In the nov. issue of american hunter, Mark Drury says "with the way the full moon is lining up, I think this could be the best week of rut hunting we've seen in years, especially if we have cool weather." The article also says that the full moon will expose more midday buck movement. I have never paid much attention to the moon and deer movement, however I will say that this is the first November week, where I have seen bucks everyday. Also, I saw the biggest deer I have ever seen, at 9 am.
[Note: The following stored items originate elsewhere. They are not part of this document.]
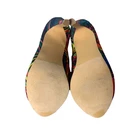These striking Liliana peep-toe stilettos showcase a vibrant multicolor pattern designed to make a statement. The high heel adds height, while the open-toe design offers a modern twist. Ideal for those who appreciate bold fashion choices and wish to add a splash of color to their wardrobe. • Peep-toe design • Stiletto heel • Multicolor pattern • Slip-on style • Synthetic lining Heel height approximately 4 inches.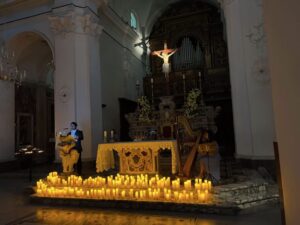 In serata, alle ore 18, la Chiesa di Santo Stefano ha ospitato un atteso momento performativo: la Lectura Dantis affidata alla voce dell’attore Paolo Cresta, accompagnato all’arpa da Stella Gifuni. Un evento aperto alla comunità isolana, che ha restituito la potenza evocativa del testo dantesco in un luogo pregno di spiritualità.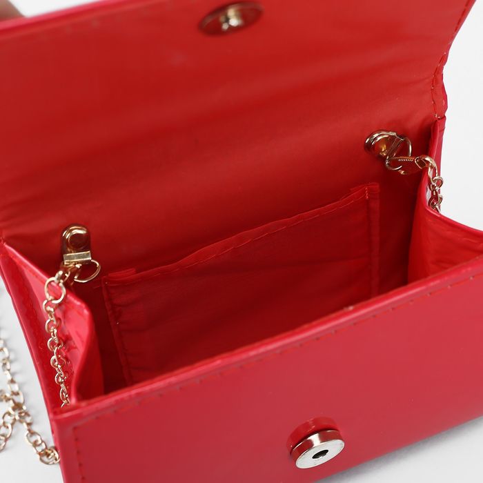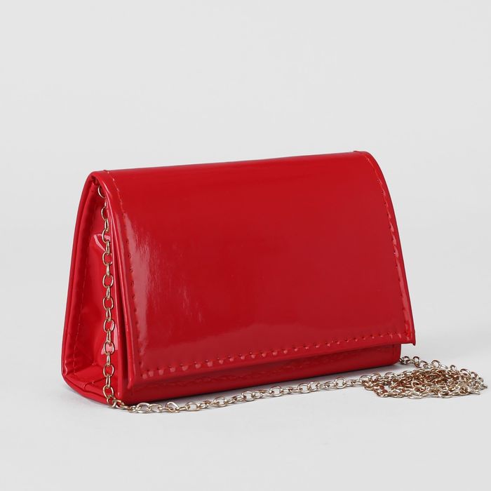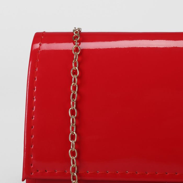 Клатч женский, отдел на клапане, длинная цепь, цвет красный

I'm not saying I'm a believer, but it does seem like I've seen lots of movement this past week.


----------



## JV1 (Apr 18, 2004)

Guys long story short... the deer may be rutting lol

or maybe its the moon...



long story short

sat in woods till 10 am saw doe only 

opened tinks 69 and began grunting with a flextone call , 2 bucks charged in , huffin and puffing , from opposite directions

my wife took an 8 pt who was bound and determined to find either the tinks 69 OR the deer that was grunting at him 

its a big deal for us because its her first bow kill and first buck
if you want the long story look here
http://ohfishing.com/NEWS/?p=2650#


----------



## ClickerCrazy (Feb 4, 2006)

I've been out the last 3 days, and just got back home. I'm hunting around Marietta, OH. Kind of a bummer weekend for my group down here. Thursday was our best day for sightings, and just seeing deer. Friday, my brother got not one, but two.....he he he....shots at a nice 8 with a kicker, but missed both times. Saturday, seen a coupe nice bucks, together, but out of range. This morning, I seen one nice shooter by himself in a cut soybean field.....grunted and lightly rattled to him, but he calmly turned away and walked off. About 1pm I had two does walk across the soybean field, but they really didn't appear to be carrying their tails or acting like they were in yet, and nothing came thru after that. I've got all kinds of nice bucks on cam this year, so I would think that I would be seeing a lot more action if the rut had started......or.....the are across the fence where I can't get to them.
My buddy, in Belpre, did see a bruiser with a doe this morning, but wasnt in range....said it was right on her tail.
Anyone else around my area seeing anything?


----------



## Fishstix (Aug 16, 2005)

Congrats to you and your wife JV1!


----------



## JV1 (Apr 18, 2004)

If you believe moon phase affects hunting & fishing then this page is for you http://ohfishing.com/NEWS/?p=2659


----------



## JV1 (Apr 18, 2004)

thanks guys thanks


----------



## Hoss5355 (Apr 9, 2004)

Hunted hard in Guernsey County Saturday and Sunday, and saw bucks chasing both days. 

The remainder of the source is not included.